Circulating tumor cells (CTCs) are whole, intact cancer cells that break away from a primary or metastatic tumor and travel through the bloodstream. Because they are complete cells — not just fragments of DNA — CTCs carry the full biology of the tumor: its morphology, proteins, RNA, and genome. Capturing them from a simple blood draw makes it possible to study a patient’s cancer without a tissue biopsy.

Why CTCs matter

CTCs are central to how cancer spreads. They are the cells that leave a tumor, survive in circulation, and can seed new metastatic sites. Detecting and characterizing them provides a real-time, minimally invasive window into active disease, including how a tumor is evolving and responding to treatment.

CTCs vs other liquid biopsy analytes

A liquid biopsy can measure several things in blood. The three most discussed are CTCs (whole, living tumor cells), ctDNA (fragmented tumor DNA), and exosomes (small vesicles). The key difference is that CTCs are intact cells, enabling analyses the others cannot support: morphology, single-cell genomics, protein phenotyping, and functional drug-response assays.
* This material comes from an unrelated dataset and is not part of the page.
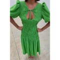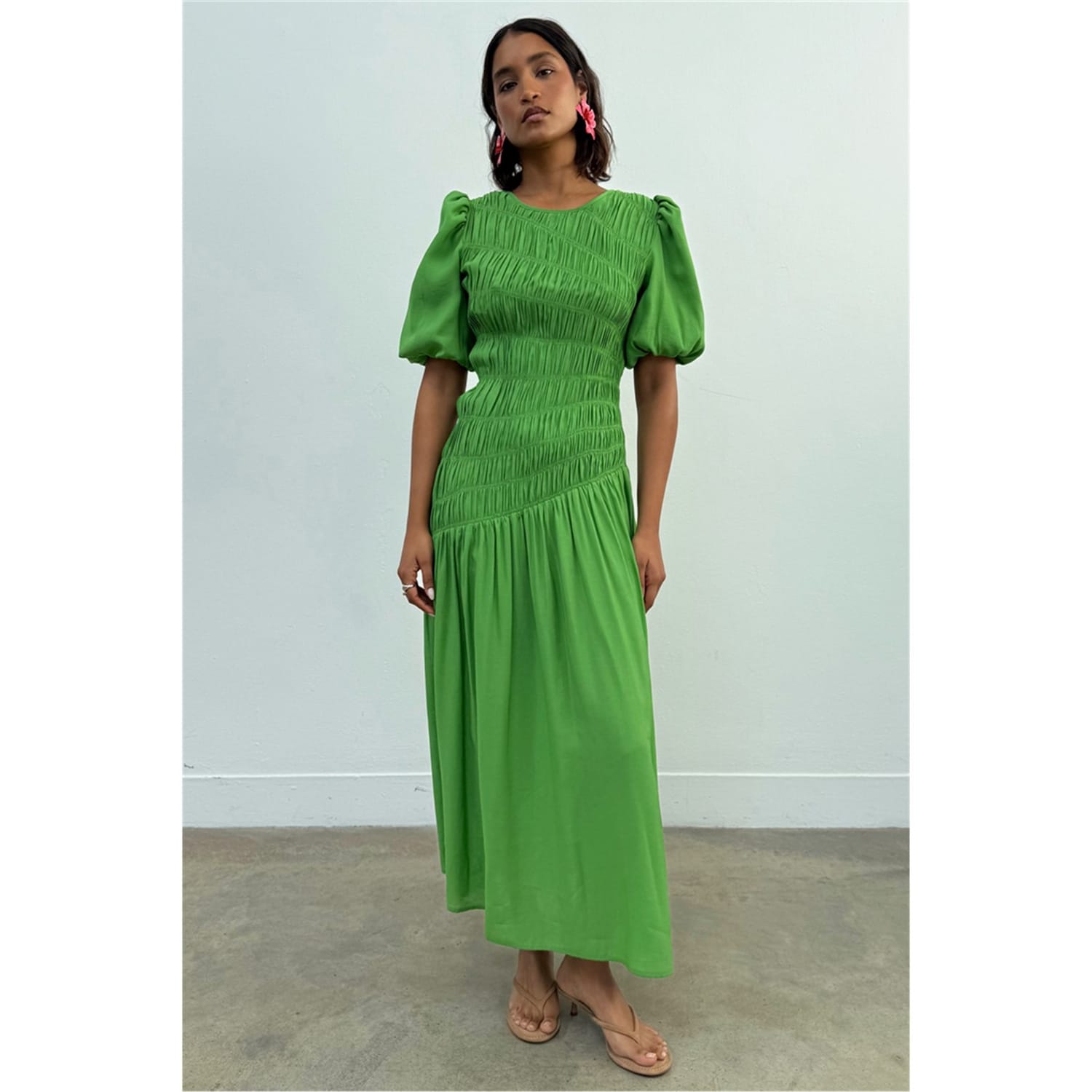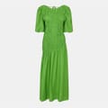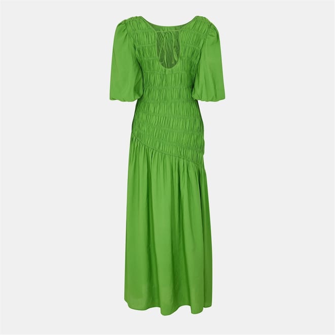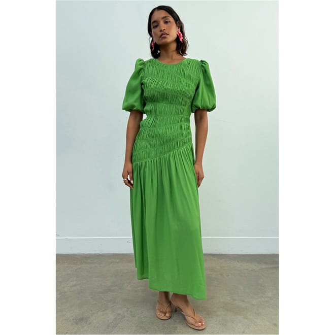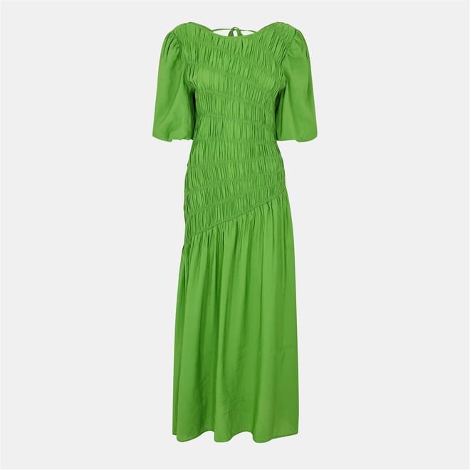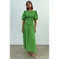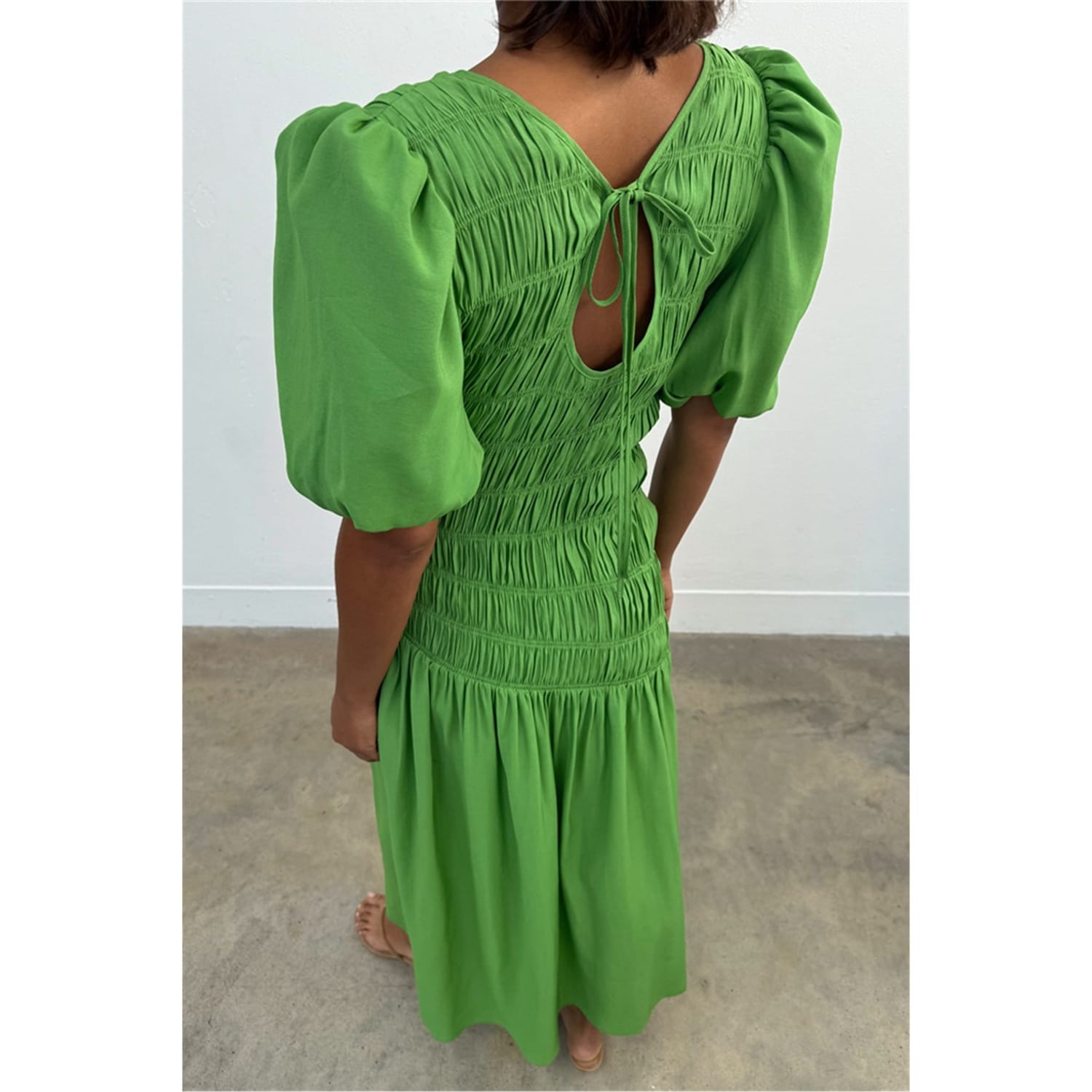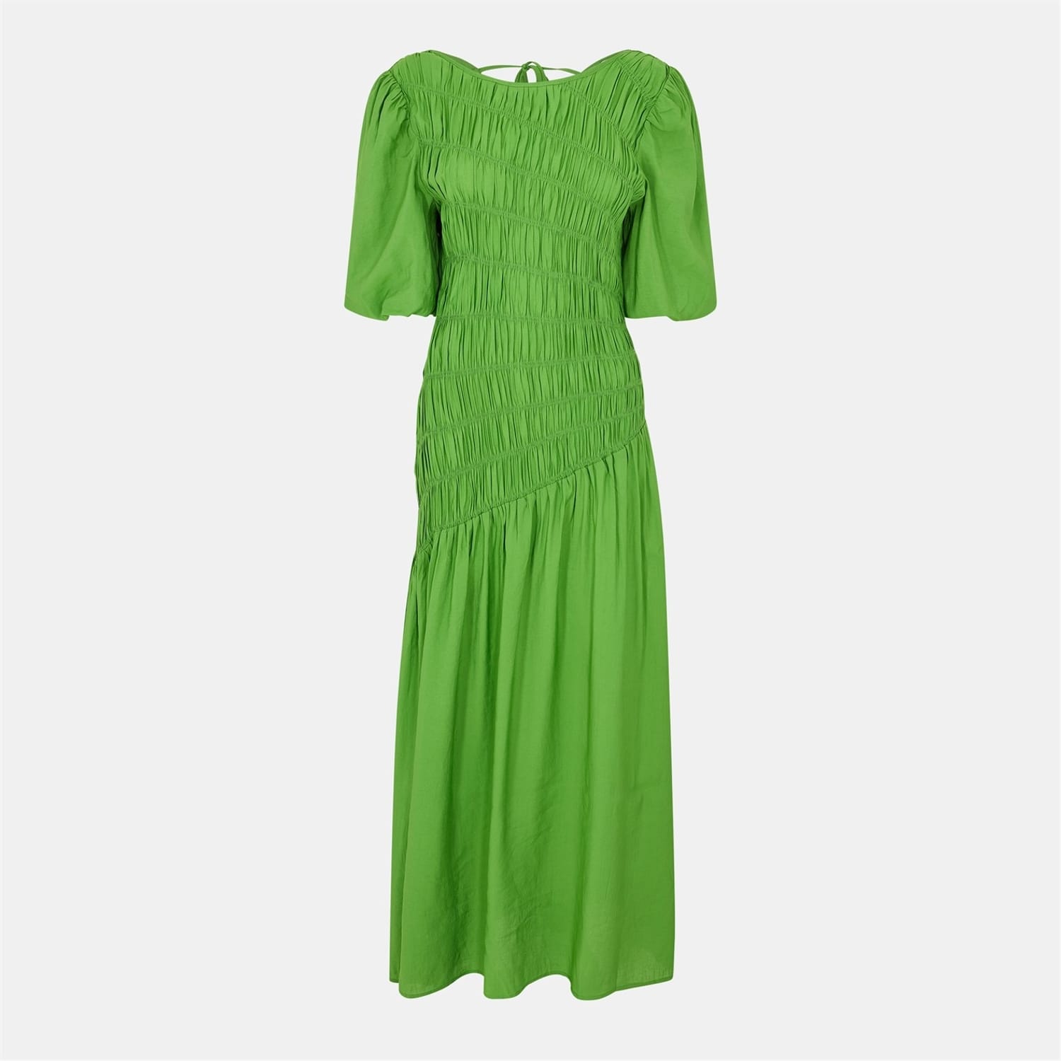 This Never Fully Dressed babydoll dress is a stunning maxi piece featuring a v-neck and puff sleeves. The asymmetrical hem adds a unique touch, while the tie-back closure ensures a perfect fit. The solid pattern and ruched embellishments enhance its elegant appeal, making it a versatile addition to any wardrobe. -

What can you learn from a CTC?

Enumeration (the number of CTCs correlates with disease burden and can be tracked over time); genomics (mutations and tumor genotype, with high concordance to matched tissue); phenotype (protein expression and cell characteristics); and function (intact, viable cells can support culture and drug-response testing).

How are CTCs isolated?

The main challenge is rarity: CTCs may number only a handful among billions of blood cells. Methods fall into antibody/antigen-based capture (e.g., targeting EpCAM) and label-free capture (based on size and biophysical properties). BloodScan’s Labyrinth One system uses label-free, antigen-agnostic microfluidic enrichment to isolate intact, viable CTCs across tumor types, from stage 0 to stage IV, directly from a standard EDTA blood draw.

Why intact and viable is the key detail

Many approaches either damage cells or recover only DNA. Intact, viable CTCs preserve real tumor biology, so the same blood draw can feed histology, genomics, and advanced functional assays. BloodScan reports 97% genomic concordance between its intact CTCs and matched tissue, and near-100% CTC capture across stage IV solid tumors.
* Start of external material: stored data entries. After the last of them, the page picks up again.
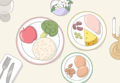 Eat a healthy, balanced diet. In addition to avoiding purine-rich foods, it's important for your overall health to maintain a nutritionally balanced diet. You can get the nutrients you need and avoid developing high levels of uric acid in your body by: Eating healthy sources of carbohydrates, such as fruits, vegetables, and whole grains. Choosing lean protein sources, such as beans and lentils, poultry breast, and low-fat dairy products. Opting for healthy fat sources, such as nuts, nut butters, and eggs.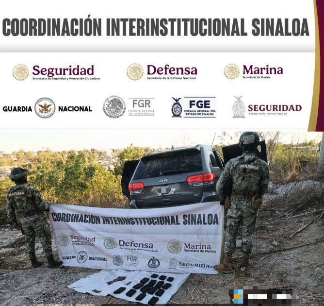 Elementos de la Secretaría de Marina aseguraron una camioneta de la marca Jeep, con reporte de robo, con los parabrisas blindados y con cartuchos de arma de fuego en su interior luego de trabajos de reconocimiento realizados en La Cruz, en el municipio de Elota.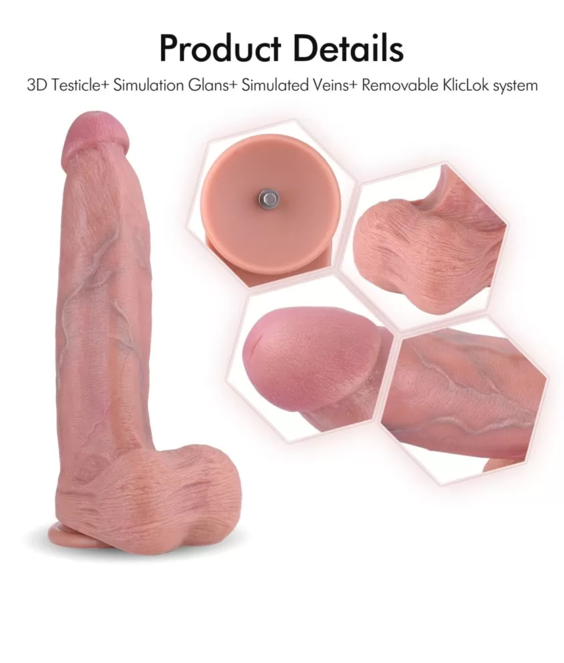 Removable Kliclok: You can attach it to a Hismith sex machine (must be the powerful one), or use it as a suction cup dildo.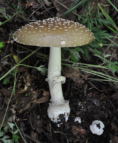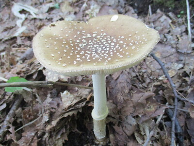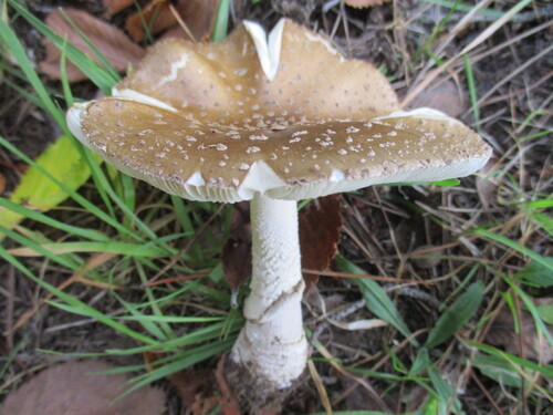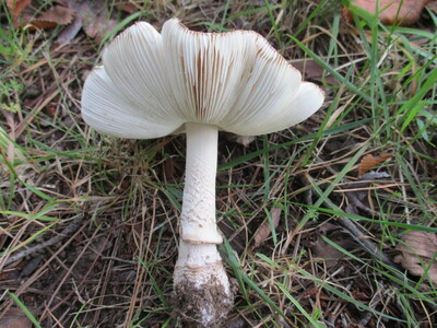 小型~中型菌「天狗茸騙」名前通り、テングタケに似ており騙されやすいが、つば縁が茶色で柄の下に付く。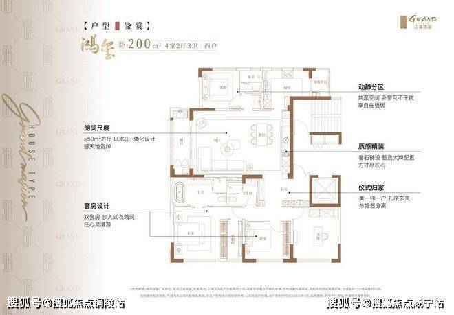 户型设计上,类一梯一户,方厅近50㎡,主卧超级套房。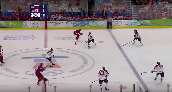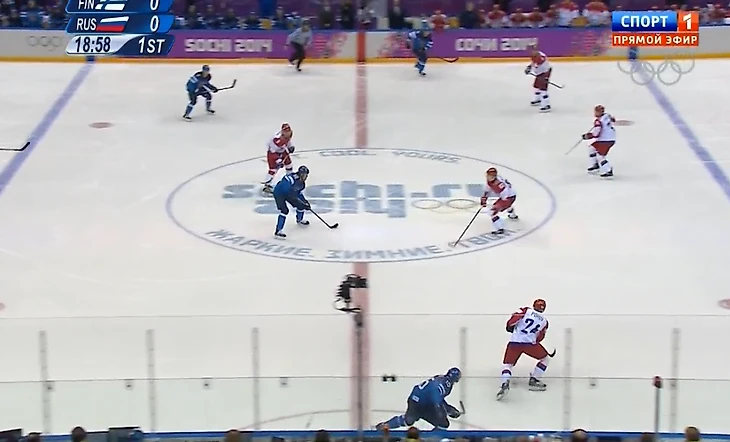 Пассивная система игры — наш любимый классический откат, который в чистом виде уже мало кто практикует. При потере шайбы четверка игроков в линию откатывается на свою синюю, где встречает соперника с целью не дать себя обыграть, один нападающий на красной линии отбивает атаку на один из флангов. Чтобы ни говорил Зинэтула Билялетдинов, скриншоты не врут — его олимпийская сборная самый яркий пример такого хоккея. Это чистые 1-4 (демократичный вариант — 1-1-3).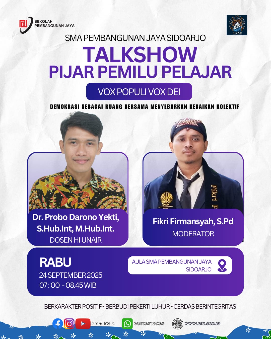 Demokrasi bukan hanya tentang memilih, tapi tentang bagaimana kita hadir, mendengar, dan bergerak bersama. Mari ikuti Talkshow Pemilu Pelajar (PIJAR):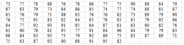 1. По данным выборки строим интервальный вариационный ряд. Находим размах варьирования признака Х по формуле . Просматривая исходные данные, находим . Тогда . Определяем число интервалов (число столбцов в таблице) вариационного ряда. Пусть . Длину каждого частичного интервала определяем по формуле . Так как исходные данные мало отличаются друг от друга и не содержат десятичных знаков, то величину h округляем до целого, то есть берем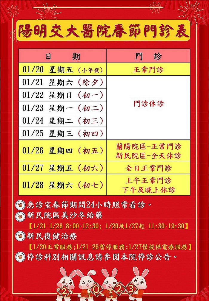 除★急診全天候提供24小時急診專科主治醫師為民眾服務不打烊外,美沙冬給藥及復健治療也提供了部份服務時段,★1/26初五(星期四)蘭陽院區即恢復正常門診,新民院區於★1/27初六(星期五)開始提供門診服務。

Frequently asked questions

Are CTCs the same as ctDNA?

No. ctDNA is fragmented tumor DNA; CTCs are whole, intact tumor cells that preserve cellular biology ctDNA cannot.
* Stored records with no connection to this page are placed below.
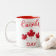 Três folhas de mapeamento vermelho com o texto "Dia do Canadá"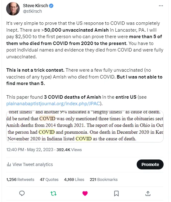 Am 22. Mai 2023 setzte ich eine Belohnung von 2.500 Dollar für denjenigen aus, der mir die Namen von mehr als fünf Amish-Personen in Lancaster, PA (mit über 45.000 Einwohnern die größte Amish-Gemeinde der Welt) nennt, die an COVID gestorben sind.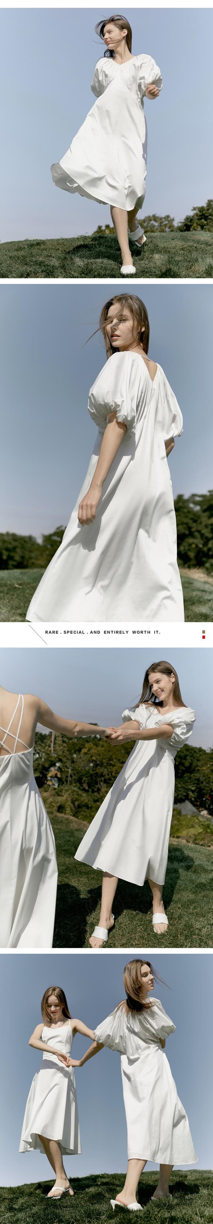AMII ミニマリストのロングドレスの女性の夏 100% フレンチスタイルのパフスリーブ V ネックソリッドルーズ Vestido 12240432 サマー 夏物 Vネック ソリッドカラー | twelve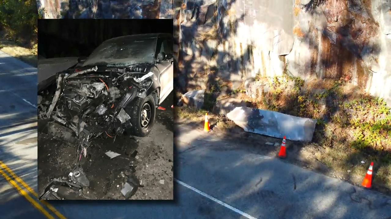 Newly-obtained photos show the crushed front-end of an unmarked police vehicle that was pulverized by boulders Friday night following a rock slide.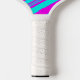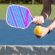 Neon Pink and Blue Stripes Trendy Stylish Name Pickleball Paddle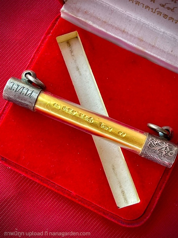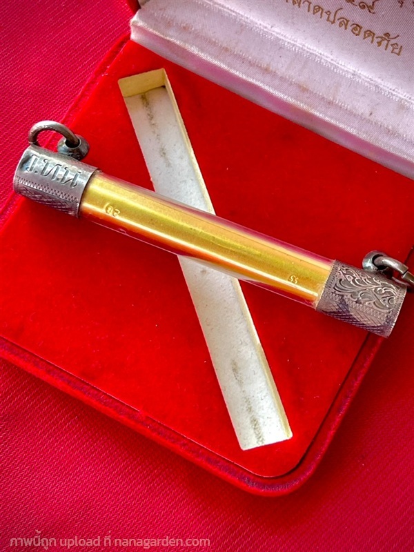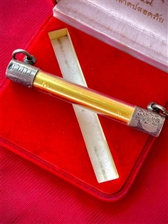 ภายในตะกรุดอุดด้วยผงพุทธคุณและเกศาหลวงพ่อ (ตะกรุดตอกโค๊ดหมายเลข49 และชื่อหลวงพ่อ)

How rare are CTCs in blood?

Very rare, often only a few cells among billions of normal blood cells, which is why sensitive enrichment technology is required.

Can CTCs be detected in early-stage cancer?

BloodScan’s Labyrinth system has demonstrated CTC detection from the earliest stages, including pre-invasive conditions such as DCIS and early HCC.

What sample is needed?

A standard blood draw into EDTA or other compatible vacutainer tubes.

What are CTCs used for?

Research, disease monitoring, genomic profiling, and functional studies, a non-invasive, biopsy-equivalent alternative when tissue biopsy is difficult.